I am building an object detection faster rcnn model using the quantized mobilenet v as backbone. So far I have managed to run quantization aware training by running the following functions before the training loop

model.backbone.fuse_model() -- (1) 
model.backbone.qconfig = torch.quantization.default_qat_qconfig -- (2) 
model = torch.quantization.prepare_qat(model, inplace=True) -- (3)
model.train()

During training, I run the model on CUDA. After the training I run the following to convert the model back to cpu, quantize it, evaluate and save the model weights.

trained_model.cpu()
trained_model_quantized = convert(trained_model, inplace=**False**) -- (4)
trained_model_quantized.eval()
test_model(trained_model_quantized, dataloader_test)
torch.save(trained_model_quantized.state_dict(), "trained_model_quantized.pt")

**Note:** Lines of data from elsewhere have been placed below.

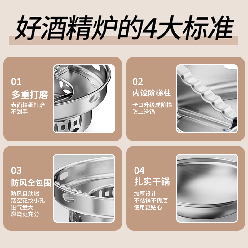 酒精炉子单人小火锅干锅锅具专用一套家用加厚不锈钢酒精锅仔商用
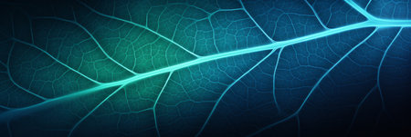 This abstract illustration features intricate blue branching structures set against a dark backdrop. The artwork showcases a complex network of lines and forms, creating a visually compelling design. Its color palette and style lend themselves well to various commercial uses, including website design, advertising, and editorial content.
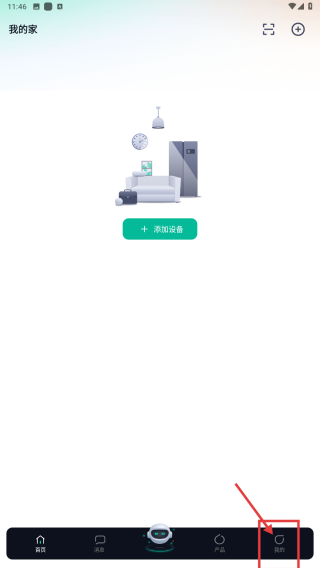 1、打開智能家居類應(yīng)用,點(diǎn)擊底部我的選項(xiàng),進(jìn)入個(gè)人中心頁(yè)面。

On another session, I managed to load the model weights back in by creating a new model, running the quantization steps (1), (2), (3) and (4) on the model and calling model.load(torch.load(PATH_TO_SAVE_WEIGHTS_DICT)) When I attempt to test the model on the same dataset I tested with, I get nonsensical results, as if the model has not been trained before.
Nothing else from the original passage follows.